On being attacked the Jacobites returned fire and Lord Reay's men, after discharging their firelocks, attacked sword-in-hands. The Jacobites then with five or six men killed and as many wounded, seeing further reinforcements arriving under Captain George Mackay, surrendered.
A second relevant entry in the diary of the Reverend Murdo MacDonald made on Sunday evening 30th March 1746 reads:
"The ship from France of which mention was made already, in which was 150 or 160 men, who with their treasure, consisting of, as we hear, £13,000 ster., were taken with no loss to our men. This ship, is like to prove a bone of contention between some of our stranger Dons, in a sort of exile with us at present, and our own great folks, who dispute the prize with them, and are like to cast out about the division thereof. And this on account of the absence of our native officers, who, being on a post of defence in the skirts of the parish, could not be got time enough to the little skirmish in which the French were taken at Druim-na-Cub, about three miles to the south of Tongue, which made the strangers appear at the head of the few scattered men that could first be apprized in the neighbourhood. Such is the account we have of this matter, which threatens, among other things, the enemy's coming upon us and snatching away the contenders with their prey, while they are differing among themselves about it."
After the surrender the prisoners were marched to Tongue and the same night put aboard the Sheerness. The Hazard received temporary repairs and, after being taken to Leith, subsequently rejoined the Hanoverian navy.

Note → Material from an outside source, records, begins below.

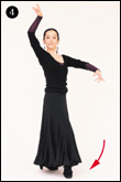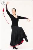右ブラソを高く上げたまま、右ひざをスカートがふわりと揺れるくらい高く上げる。このとき、右足首をしっかり伸ばし、靴の裏を見せないように注意する。また、コンパス(○6)から次のコンパス(○5)までは、両ひじを張って胸を開き、左右のブラソが引っ張りあう形になるよう意識する。 |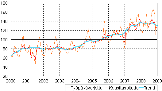 teollisuustuotannon volyymi-indeksi 2000 - 2009 tammikuu, 2005=100,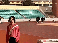 허들 준비운동하는 누나

Of the officers taken captive the following are named: Colonel Ignatius Brown of Berwick's regiment; Captains Macmahon and Rogers;
Lieutenants Edward Barnavals, William Barnavals, Nugent and Maurice of Hainault; Captain Macmahon of Clare's; Lieutenants O'Brian, Brimingham and Osborne of the Royal Scots in France; Lieutenants Barnaval and Weyard of the French Gens d'Armes; Monsieur Shabillard; the following in the Spanish service: Captains Macpherson, Sinclair and Hay; Monsieur Faro, a Spanish engineer; and Monsieur Salbold, captain of the Hazard.
After custody in Aberdeen the prisoners were moved to Berwick castle. Later, after Cumberland's victory at Culloden they were repatriated as prisoners of war.
Of the money, most appears to have been recovered although there
are varying accounts of some having been buried en route around the Kyle, and of some being thrown into Lochan Hakel near the head of the Kyle. It is recorded that a single spanish gold coin was found at the south end of this lochan in 1840. There are also traditional stories of a few local people becoming surprisingly wealthy after the events which took place.
Less than three weeks later on 16th April 1746 the Jacobite cause was lost of the battlefield of Culloden.